Visakha Girls’ School is located at Dhosri, a remote village in the district of Khagrachari in the Chittagong Hill Tracts (CHT) of Bangladesh. The school was founded in 2005 and began offering free education for girls with the generous support of the Jamyang Foundation, which is under the direction of the American bhikshuni, Ven. Karma Lekshe Tsomo, a professor at the University of California, San Diego. Initially, the Visakha Girls’ School offered classes to students in the 1st grade only. Later, more classes were gradually added. Now the school offers classes up to 5th grade.

The school still faces significant challenges. For decades the indigenous people throughout the Hill Tracts have been the subjects of genocide perpetrated by the Bangladesh military. The situation is critical and has required the UN and others to intervene several times, but for the most part the situation has received little or no international attention. Land grabs and aggression against the indigenous population occur continuously and any resistance to these injustices is met with extreme retaliation, including rape and murder by the Bangladesh army. The indigenous peoples of the CHT are victims of forced displacement and discrimination in all aspects of life in Bangladesh. The theft of their lands continues to have enormous social, economic, and political consequences for the people. Educating Marma girls is one of the only ways to protect them from exploitation and strengthen them to face the difficulties that lie ahead.

Visakha Girls’ School currently has 125 students, all girls, with an age range from 5 to 13 years. The girls study in classes from pre-school to 5th grade. All students receive free education, daily lunches, and school supplies such as books, notebooks, pens, pencils, and so on. The school employs six full-time teachers and one cook. The girls are mostly from the ethnic Marma community, one of several Buddhist minorities who are native to the CHT. About 10 percent of the girls are ethnically Chakma, another Buddhist community that is native to the area. Centuries of economic injustice, social deprivation, and cultural marginalization have brought these minorities to the brink of extinction in a predominantly Muslim country.

Visakha Girls’ School is located in a remote place where no educational opportunities are available for the girls’ desperately poor families. The families survive by subsistence farming on the hill slopes and narrow stretches of land between the hills. Their homes are scattered across these small hills, which makes it difficult for them to reach essential services for social development or to create economic opportunities.

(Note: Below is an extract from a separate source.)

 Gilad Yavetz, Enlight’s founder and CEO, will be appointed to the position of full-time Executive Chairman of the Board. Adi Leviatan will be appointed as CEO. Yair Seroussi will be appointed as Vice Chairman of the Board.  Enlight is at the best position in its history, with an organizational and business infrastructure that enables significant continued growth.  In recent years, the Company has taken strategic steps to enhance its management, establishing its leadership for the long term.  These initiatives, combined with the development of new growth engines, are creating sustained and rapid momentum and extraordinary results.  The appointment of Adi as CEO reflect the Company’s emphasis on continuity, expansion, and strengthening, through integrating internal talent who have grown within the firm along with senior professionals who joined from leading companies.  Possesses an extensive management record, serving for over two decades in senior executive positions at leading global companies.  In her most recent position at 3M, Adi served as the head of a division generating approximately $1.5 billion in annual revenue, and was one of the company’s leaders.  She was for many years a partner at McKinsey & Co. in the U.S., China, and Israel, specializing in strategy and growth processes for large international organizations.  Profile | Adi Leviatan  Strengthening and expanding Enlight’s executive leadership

The community that the school serves often suffers terrible injustices perpetrated by state actors due to ongoing conflicts in the CHT. Many of the families are internally displaced refugees. In this situation of perpetual unrest, girls are the most vulnerable population. Girls are less likely to receive basic education and health care and they are the most likely to suffer in the conflict situation. Before Visakha Girls’ School was started, almost all the girls lacked access to even a basic level of education. Thanks to the establishment of this school program, now almost all school-age girls in the neighborhood attend school. Many of them are also furthering their education after finishing 5th grade at Visakha Girls’ School.

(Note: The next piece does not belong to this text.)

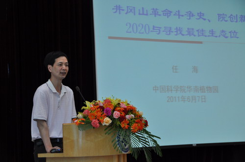 应两院团工委的邀请,华南植物园党委书记任海在报告会上作了《井冈山革命斗争历史、院创新2020、寻找最佳生态位》的主题报告。任海的报告以历史时空为主线,阐述了井冈山根据地成功的原因和历史经验,以独特的视觉解读了老一辈共产党人留下的井冈山精神,并与“院创新2020”、“寻找最佳生态位”进行有机联系,鼓励团员青年在现实中找好最佳生态位,实现自己的人生价值。

Project Benefits, Successes, and Challenges

One of the biggest challenges for these girls is that they must walk for hours over hilly terrain to reach the school. They are already tired even before they arrive at school. Due to chronic poverty, they are weak and often sick. Often they come to school hungry. The free lunch program at the school is of great benefit to them. The nutritious lunches help them stay healthy, so they can focus on their studies while at school. Since the lunch program was introduced, their health has greatly improved, their school attendance has dramatically increased, the dropout rate has dropped, and their overall performance in their educational program has improved. They demonstrated this with their scores in the state-run evaluation test for 5th grade students. The food program also incentivizes families to send their girls to school rather than employ them at home for domestic labor.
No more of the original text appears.